The key-value databases are the simplest. Each element of the DB takes the form of an attribute (the key) and each key has a corresponding value. Because of this simplicity, key-value DBs are therefore able to efficiently handle a large number of queries.
They are also able to process a large amount of data and are very well designed to store user profiles. Among the key-value databases are Dynamo DB, Berkeley DB or Redis.
Document oriented databases allow to associate a key with a complex data structure called the document. Each document can then contain several key-value pairs, several key-table pairs or even other nested documents.
Document-oriented DBs use JSON and XML to represent structured documents. These types of databases have the advantage of avoiding joins to reconstruct information since everything is included in the document structure. Among the document-oriented DBs we find the MongoDB or CouchDB databases.
Column-oriented databases store data by column. These types of databases are designed to Efficiently handle queries on large data sets.
Column-oriented DBs then use what is called a key space. This contains all families of columns with rows, which in turn contain columns. This representation is similar to that of a data schema in a relational model. The BDD Cassandra and HBase are among the column-oriented databases.

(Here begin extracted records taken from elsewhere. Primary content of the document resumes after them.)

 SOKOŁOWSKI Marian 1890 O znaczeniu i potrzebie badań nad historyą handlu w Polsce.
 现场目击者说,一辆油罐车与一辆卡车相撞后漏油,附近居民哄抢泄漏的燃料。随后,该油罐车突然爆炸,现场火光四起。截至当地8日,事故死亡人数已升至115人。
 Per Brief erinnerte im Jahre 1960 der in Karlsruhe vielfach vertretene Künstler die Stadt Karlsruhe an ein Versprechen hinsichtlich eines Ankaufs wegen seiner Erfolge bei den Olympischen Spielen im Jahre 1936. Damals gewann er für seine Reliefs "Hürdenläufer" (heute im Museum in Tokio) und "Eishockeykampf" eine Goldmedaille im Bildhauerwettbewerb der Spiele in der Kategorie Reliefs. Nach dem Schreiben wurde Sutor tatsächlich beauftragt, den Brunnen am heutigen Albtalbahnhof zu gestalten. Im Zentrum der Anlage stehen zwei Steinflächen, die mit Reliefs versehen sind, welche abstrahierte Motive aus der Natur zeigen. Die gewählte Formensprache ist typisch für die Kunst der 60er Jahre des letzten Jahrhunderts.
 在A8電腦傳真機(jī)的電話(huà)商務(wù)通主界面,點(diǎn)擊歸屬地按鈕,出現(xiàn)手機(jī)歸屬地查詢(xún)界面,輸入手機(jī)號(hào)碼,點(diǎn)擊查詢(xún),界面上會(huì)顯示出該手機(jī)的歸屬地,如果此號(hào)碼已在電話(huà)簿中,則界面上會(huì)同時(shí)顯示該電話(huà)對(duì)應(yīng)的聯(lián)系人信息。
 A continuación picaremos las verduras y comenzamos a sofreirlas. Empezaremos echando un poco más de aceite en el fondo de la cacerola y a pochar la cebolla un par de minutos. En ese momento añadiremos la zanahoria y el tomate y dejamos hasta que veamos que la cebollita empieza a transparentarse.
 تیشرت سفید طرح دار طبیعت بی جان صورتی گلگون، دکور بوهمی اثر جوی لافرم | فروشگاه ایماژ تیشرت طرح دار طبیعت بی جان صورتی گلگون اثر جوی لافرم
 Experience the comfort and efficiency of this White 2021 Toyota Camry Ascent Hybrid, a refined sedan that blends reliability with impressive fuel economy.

Graph-oriented databases are designed to store data networks like social networks. These object-oriented databases are based on graph theory. They exploit a structure in the form of nodes and links to model and store information.

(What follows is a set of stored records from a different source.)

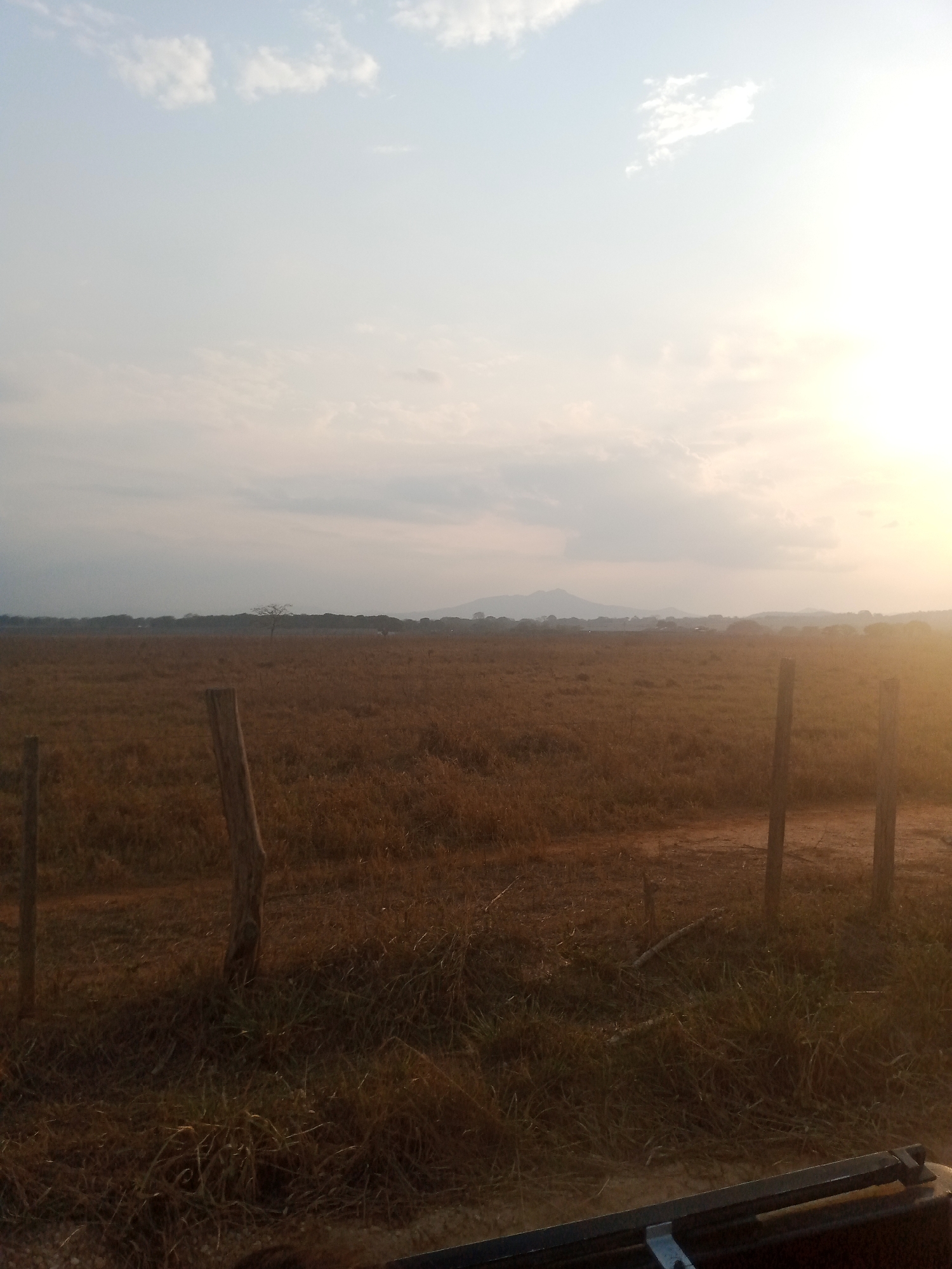The scene depicts a rural landscape in Marta, Venezuela. The foreground features a field of dry, brown grass interspersed with scattered wooden fence posts. A dirt path or road is visible meandering through the field. In the distance, a treeline and a mountain can be discerned under a hazy sky illuminated by the setting sun. The lower portion of the image shows the frame and parts of a vehicle, probably a camera or other equipment.
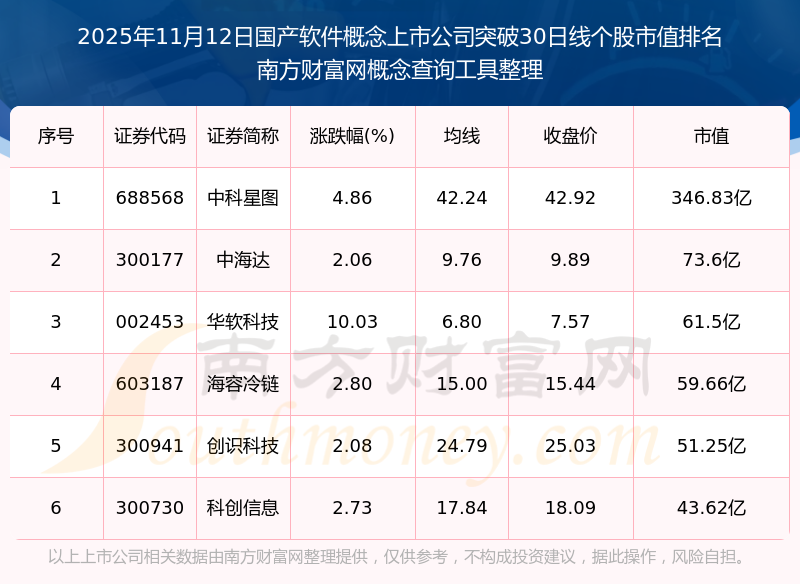 2025年11月12日國產(chǎn)軟件概念上市公司突破30日線個股市值排名
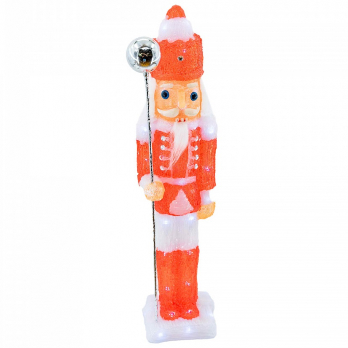 Decoratiune de exterior cu lumini , Spargator de nuci, din acril, dimensiune 14x12x63 cm, 8 jocuri de lumini, 60 led-uri, lumina rece, cablu de alimentare 3m, IP44, MI-1042
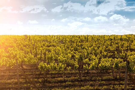 Panorama view of Green field with rows of vines. Ripe grapes for the production of fine wines.
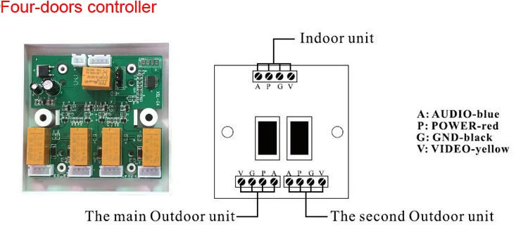 Четырехдверный контроллер (четырехсторонний селектор) будет использован для соединения двух/трех/четырех наружных камер вместе!

Graph-oriented DBs offer increased performance in terms of speed and data processing. Indeed, the use of graphs allows to avoid multiple joins. Moreover, they allow simple developments and easy modeling. The Neo4J and Giraph databases are among the graph-oriented databases.
What are the advantages of NoSQL databases?
Handling massive data
With the advent of Big Data, applications and services are taking on a staggering amount of information. This information can be up to terabytes of data. These systems must also be able to maintain good performance in reading, writing and storing data. NoSQL DBs are perfectly efficient to meet these needs.
Furthermore, a NoSQL DB is Flexible enough to adapt quickly to the continuous increase of data volumes. Indeed, such a distributed database is able to add more resources by simply adding more servers. The read, write and storage capacities are thus distributed among the servers to allow operation at any scale.
Finally, NoSQL technology is able to manipulate dynamic data (which evolve with time) as well as data structured, semi-structured or unstructured.
Agile application development
Relational DBs generally require the existence of a data schema to store information. On the one hand, this approach does not adapt to the agile development process but it also makes it more complex to take into account the evolution of requirements.
Indeed, each time a new functionality is added, the data schema requires modification. Each update of the schema of the DB then causes interruptions. It follows that as the number of iterations increases, the disruption of the development cycle becomes more important.
A NoSQL DB, on the other hand, is designed to facilitate modifications without interrupting the service. The development cycle is therefore faster and the integration of codes is more reliable. Indeed, NoSQL models data in the form of objects. It also leaves to the developers, the modeling of these data at the level of the applications.
What are the drawbacks of NoSQL databases?
NoSQL databases do not support ACID properties (Atomicity, Consistency, Isolation, Durability) that relational DBs have. Therefore, NoSQL does not guarantee reliable execution of these transactions. In order to support ACID, developers will have to create their own code.
On the other hand, NoSQL is not compatible with SQL even though some NoSQL DBs use a structured query language. Finally, NoSQL is relatively young compared to relational DBs. It is thus much less stable and offers fewer features than its elder sister.